McGunigal was born in Hubbard, Ohio on May 30, 1876, and joined the Navy in 1894. He was assigned as a Ship's Fitter First Class on board the armored cruiser USS Huntington at the time of his Medal of Honor action (see below) in 1917. He was promoted to the warrant officer rank of carpenter on July 20, 1918. He was subsequently assigned to the Naval Air Stations at Montauk and Rockaway Beach, New York. He retired from the Navy in December 1920.

McGunigal died on January 19, 1936, and was buried at Arlington National Cemetery. His grave can be found in section 6, lot 8674, map grid W/21.5.

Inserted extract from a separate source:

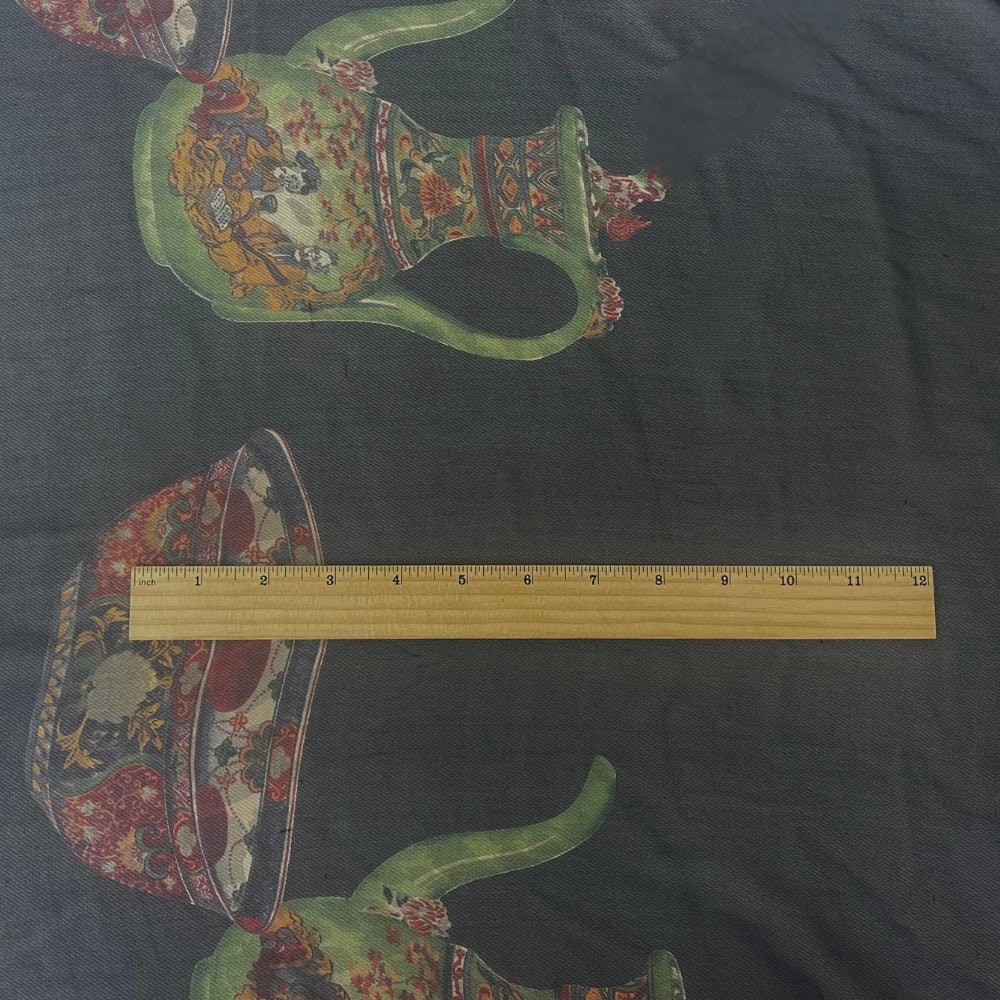 Black-Green-Multi Tea Set Printed Chiffon Panel Woven Fabric

==Medal of Honor citation==
Rank and organization: Shipfitter First Class, U.S. Navy. Born: 30 May 1876, Hubbard, Ohio. Accredited to: Ohio. G.O. No.: 341, 1917.

Citation:

For extraordinary heroism while attached to the '. On the morning of 17 September 1917, while the U.S.S. Huntington was passing through the war zone, a kite balloon was sent up with Lt. (j.g.) H. W. Hoyt, U.S. Navy, as observer. When the balloon was about 400 feet in the air, the temperature suddenly dropped, causing the balloon to descend about 200 feet, when it was struck by a squall. The balloon was hauled to the ship's side, but the basket trailed in the water and the pilot was submerged. McGunigal, with great daring, climbed down the side of the ship, jumped to the ropes leading to the basket, and cleared the tangle enough to get the pilot out of them. He then helped the pilot to get clear, put a bowline around him, and enabled him to be hauled to the deck. A bowline was lowered to McGunigal and he was taken safely aboard.